SAĞLAM DİŞİ ÇEKTİRMEK


Desem ki “özel hastaneye yatmadan önündeki duraktan taksiye binin”, “ne alaka” dersiniz. “İlginç konu bulmak için saçmalıyor” da diyebilirsiniz. Fakat dediğimi kendim yapsam şu an her şey bambaşka olabilirdi.



Çocuk sahibi olmadan her duyduğumuza kulak kabarttık, her şeyi okuduk, her olasılığı değerlendirdik fakat en gerekli şeyi yapmamışız. Yapsak her şey bambaşka olur, birkaç bin dolar da cebimizde kalırdı.



Çocuğun doğduğu akşam taksiye bindim:

-Ömürlü olsun abi, sezaryen değil mi?

-Nerden bildin?

-Bunca yıldır bu duraktayım. Daha bu hastanede normal doğum duymadım.

Evet, gerçek çıplak ve yalın bir şekilde taksicinin ağzından döküldü suratımıza çarptı. O gün doğan on bir çocuğun hepsinin sezaryen doğması tesadüf değil demek. Ne de olsa sezeryan normal doğumun üç katı fiyatına.

Peki, hastanenin zemin katında içilen sigara (o zamanlar her yerde sigara serbestti) dumanının yukarıdaki hasta odalarına kadar çıkması hangi tıbbi gereklilikten kaynaklanıyordu?
***
-Bir araba hastane bahçesinde nasıl mahsur kalır?

-Özel hastane bahçesi değil mi?

-Nereden bildin?

-Bilmek çok basit, hastaya ameliyat önerilir. İkna etmek için de ameliyatın küçük bir operasyon olduğu, birkaç gün içinde hastaneden yürüyerek çıkabileceği söylenir. Bunun üzerine hasta arabasını hastane bahçesine park eder. Birkaç gün kalacağı için arabanın örtüsünü de örter, hastaneye yatar. Çıkışta arabasına binerek gidecektir evine.
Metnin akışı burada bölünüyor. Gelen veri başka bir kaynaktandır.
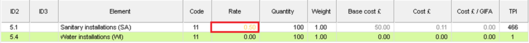 Select a construction. Then click on the Cost database button. Select any cost items with the desired quantity, then clicked the “Copy selection to project”. The total rates of the selected cost items will then be populated into the selected construction and displayed as orange text color. For example:

Fakat ameliyat basur ameliyatıdır ve on beş gündür yüzükoyun yatmaktadır evde. Hastaneden binerek çıkmayı düşündüğü arabası ise mahsur kalmıştır hastane bahçesinde.
***
Geçenlerde bir arkadaşı gördüm. Kalbi için kontrole gideceğini söylemişti. Ertesi gün akşamı duydum ki açık kalp ameliyatı olmuş. Uzmanı değilim ama devlet hastanesinde lazerle göz ameliyatı olacak babam tepeden tırnağa kontrolden geçirilmişti. Nedenini sorduğumda , her ameliyat öncesi yapılması gereken bir  kontrol denmişti. O nedenle bu arkadaşın bir günde açık kalp ameliyatı olması dikkatimi çekti. Gittim ziyaretine. Arkadaş, devlet hastanesinde sıra beklememek için muayene için uğradığı özel hastanede açık kalp ameliyatını olup çıkmış. Tıp, tetkik yapmadan ameliyat edilebilecek kadar gelişmişti demek.

Tamam, para girdiği her yeri her şeyi bozar, biliyorum. Fakat insan sağlık olunca sanki bir ilke, prensip var sanıyor. Ne de olsa yemin var işin ucunda. Oysa örnekler hep aksini söylüyor. Yirmi yıl önce gel ameliyat edelim denilen sorunumla gül gibi yaşıyoruz hala. Daha geçen yıl, cerrahın “burada ameliyat şartları yok” deme dürüstlüğünü gösterdiği özel hastanede ameliyat için altı bin lira isteyen hoca gördüm.

Diyeceksiniz ki “gözleri kör olan köylüler için mi yazdın bu yazıyı? Evet, onlar için ama bir farkla, yorum farkıyla. Yıllar önce Aziz Nesin’in bir hikayesini okumuş ve çok gülmüştüm. Köye bir dişçi geliyor. “Hazır dişçiyi bulan köylü sağlam dişi bile çektiriyor” diyor hikaye ve ekliyor:

-Nasılsa çürümeyecek mi?

Evet, yıllar sonra hikaye gerçek oldu. Köye dişçi yerine bu sefer göz hastanesi ekibi gelmiş. Tarama da ameliyat da bedava. Böyle olunca kaçar mı ameliyat. Gözler kör olmuş kapanmış. Olsun, nasılsa bir gün kapanmayacak mı?